Recorded data:
----

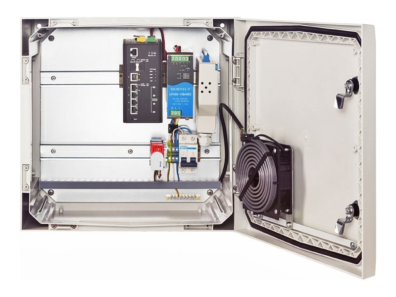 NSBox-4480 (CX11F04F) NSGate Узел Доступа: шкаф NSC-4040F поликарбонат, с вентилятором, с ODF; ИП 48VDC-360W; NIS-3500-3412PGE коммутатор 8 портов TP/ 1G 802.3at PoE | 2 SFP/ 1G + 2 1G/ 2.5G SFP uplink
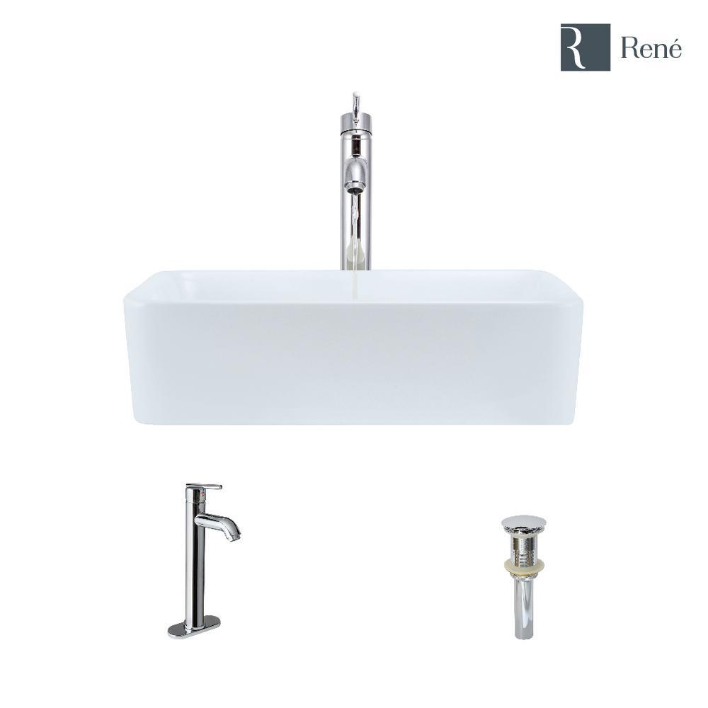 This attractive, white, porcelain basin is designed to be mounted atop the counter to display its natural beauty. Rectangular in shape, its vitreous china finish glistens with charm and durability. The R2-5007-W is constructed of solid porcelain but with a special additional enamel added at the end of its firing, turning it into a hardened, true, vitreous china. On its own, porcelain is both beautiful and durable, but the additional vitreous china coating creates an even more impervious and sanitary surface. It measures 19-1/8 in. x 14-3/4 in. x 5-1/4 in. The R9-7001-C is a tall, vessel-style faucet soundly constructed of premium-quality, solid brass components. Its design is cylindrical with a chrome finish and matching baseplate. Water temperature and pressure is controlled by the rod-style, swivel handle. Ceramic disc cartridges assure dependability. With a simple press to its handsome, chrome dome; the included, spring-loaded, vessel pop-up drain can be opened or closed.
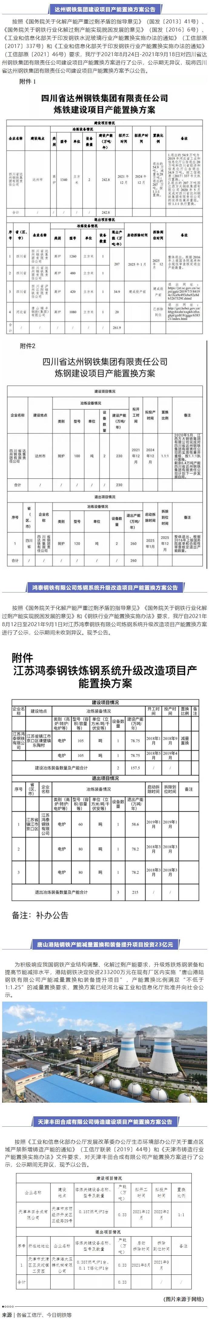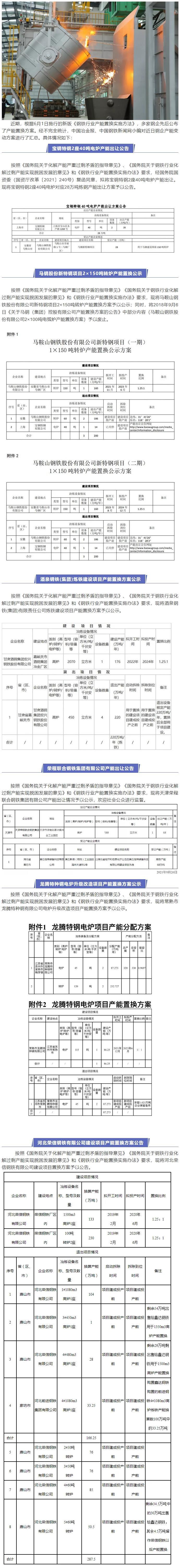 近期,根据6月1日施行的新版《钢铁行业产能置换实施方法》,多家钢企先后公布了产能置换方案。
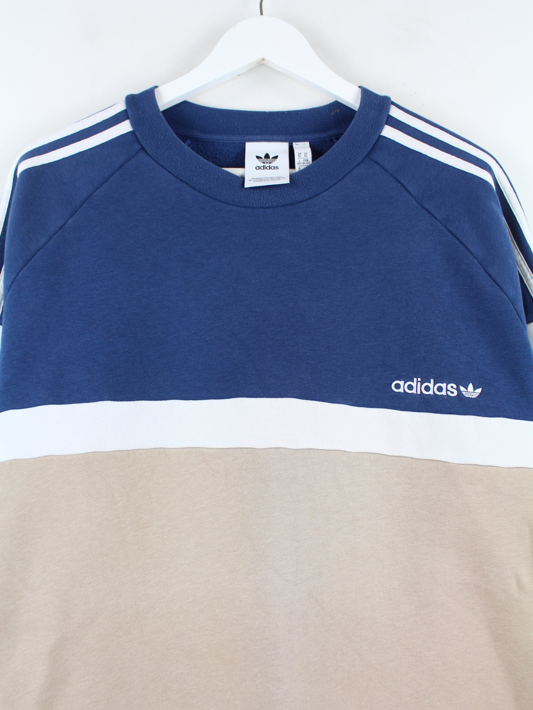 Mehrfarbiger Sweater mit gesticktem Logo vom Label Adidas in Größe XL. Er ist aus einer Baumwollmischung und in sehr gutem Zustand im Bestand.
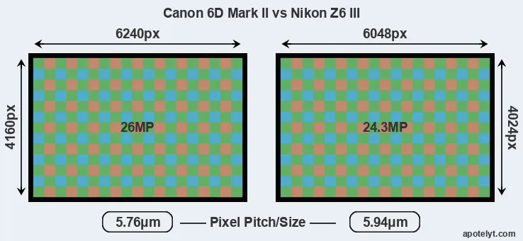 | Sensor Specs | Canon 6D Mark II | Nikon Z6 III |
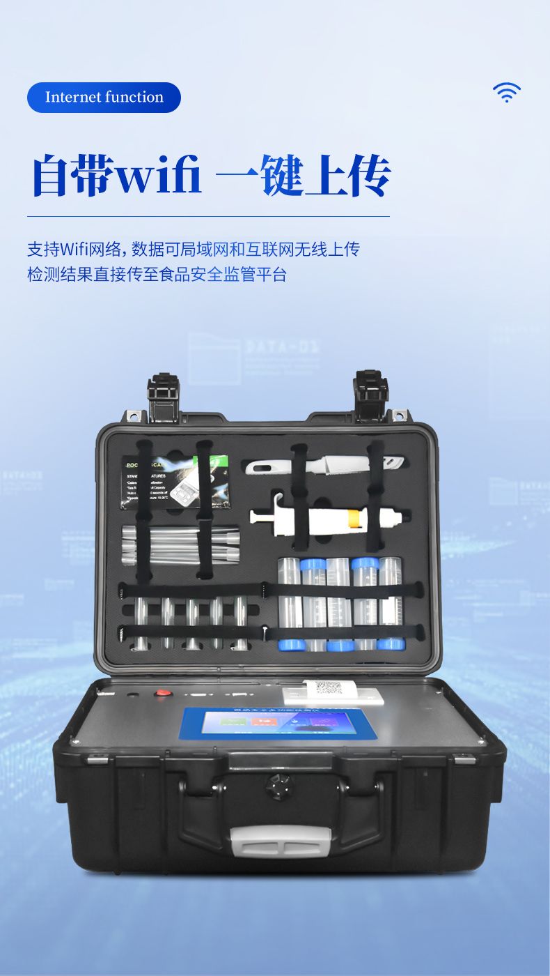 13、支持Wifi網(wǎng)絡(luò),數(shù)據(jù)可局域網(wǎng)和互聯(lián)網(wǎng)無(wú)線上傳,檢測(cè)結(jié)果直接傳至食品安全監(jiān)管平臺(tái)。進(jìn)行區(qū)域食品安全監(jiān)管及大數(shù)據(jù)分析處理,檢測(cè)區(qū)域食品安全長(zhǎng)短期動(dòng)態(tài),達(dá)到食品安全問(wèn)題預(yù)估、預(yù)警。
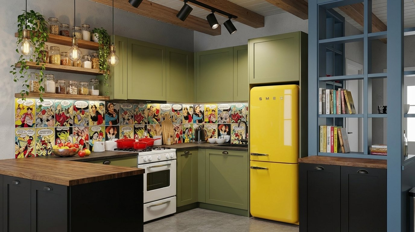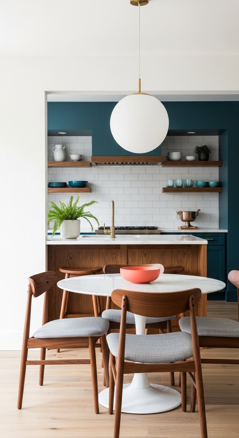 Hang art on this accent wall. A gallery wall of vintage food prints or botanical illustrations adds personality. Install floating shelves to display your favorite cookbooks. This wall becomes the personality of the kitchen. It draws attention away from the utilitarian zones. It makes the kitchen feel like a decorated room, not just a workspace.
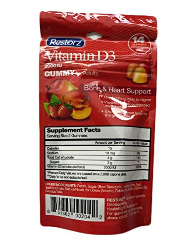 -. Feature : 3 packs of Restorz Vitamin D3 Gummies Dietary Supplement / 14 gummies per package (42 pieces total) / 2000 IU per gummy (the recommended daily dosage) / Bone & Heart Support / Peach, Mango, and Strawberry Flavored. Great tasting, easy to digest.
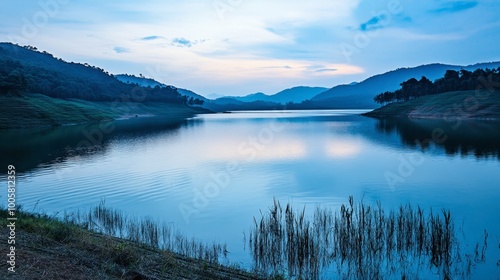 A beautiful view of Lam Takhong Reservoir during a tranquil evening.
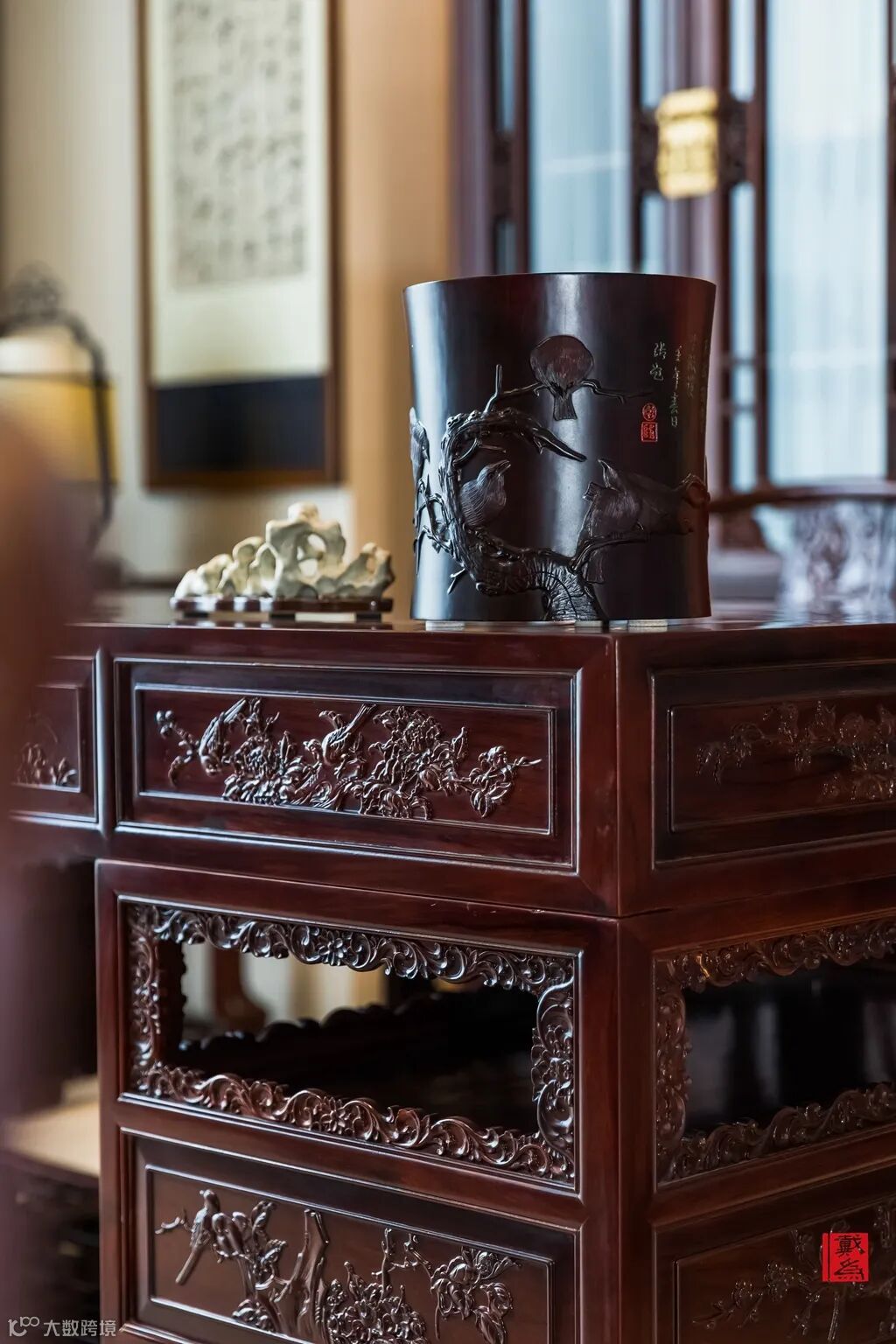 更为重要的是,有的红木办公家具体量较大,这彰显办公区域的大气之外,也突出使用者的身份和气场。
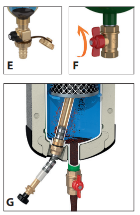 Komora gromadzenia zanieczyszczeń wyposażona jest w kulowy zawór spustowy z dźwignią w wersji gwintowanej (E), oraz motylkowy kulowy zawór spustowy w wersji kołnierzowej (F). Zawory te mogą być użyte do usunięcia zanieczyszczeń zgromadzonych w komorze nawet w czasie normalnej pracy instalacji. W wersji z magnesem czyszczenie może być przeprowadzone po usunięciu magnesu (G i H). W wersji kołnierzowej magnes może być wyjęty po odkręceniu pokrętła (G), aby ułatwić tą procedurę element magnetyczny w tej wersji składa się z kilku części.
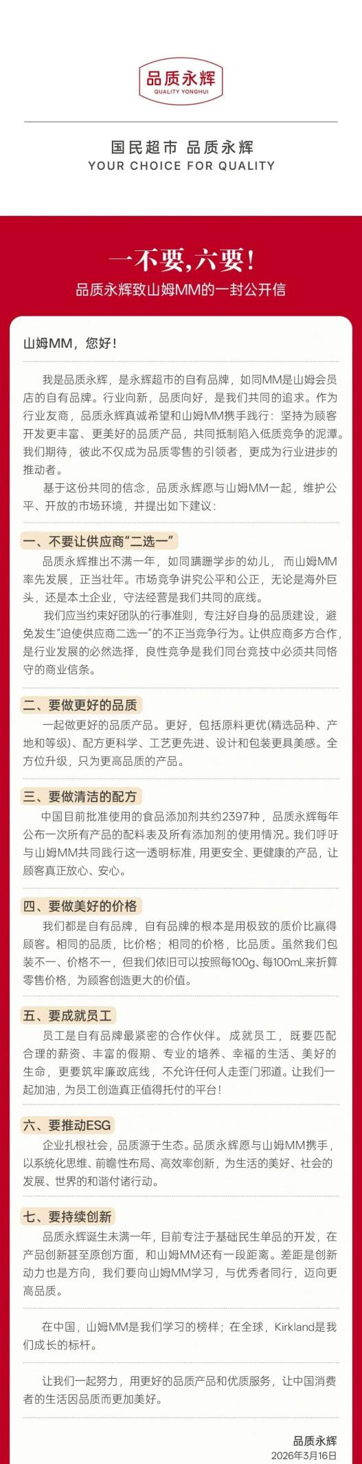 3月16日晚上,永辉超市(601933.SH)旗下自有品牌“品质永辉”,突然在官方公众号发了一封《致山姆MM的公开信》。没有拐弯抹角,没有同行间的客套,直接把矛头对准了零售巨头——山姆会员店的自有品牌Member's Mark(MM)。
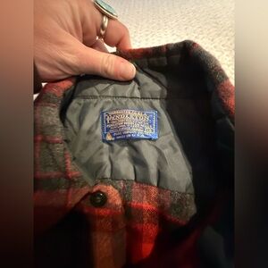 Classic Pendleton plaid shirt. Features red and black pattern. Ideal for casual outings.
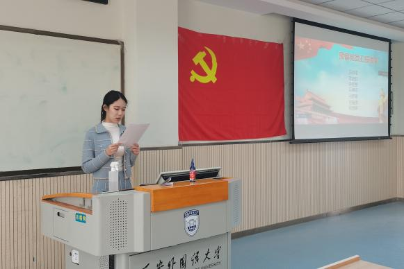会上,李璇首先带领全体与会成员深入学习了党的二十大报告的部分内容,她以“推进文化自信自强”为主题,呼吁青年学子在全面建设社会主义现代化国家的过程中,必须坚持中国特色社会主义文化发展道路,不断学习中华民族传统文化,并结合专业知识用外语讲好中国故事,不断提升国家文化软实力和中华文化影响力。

----

» What the task requires:
From the line that holds "Classic Pendleton plaid" to the last line of the data, return those lines exactly and nothing else; both ends count, and pictures stay out.

» Output for this task:
 Classic Pendleton plaid shirt. Features red and black pattern. Ideal for casual outings.
会上,李璇首先带领全体与会成员深入学习了党的二十大报告的部分内容,她以“推进文化自信自强”为主题,呼吁青年学子在全面建设社会主义现代化国家的过程中,必须坚持中国特色社会主义文化发展道路,不断学习中华民族传统文化,并结合专业知识用外语讲好中国故事,不断提升国家文化软实力和中华文化影响力。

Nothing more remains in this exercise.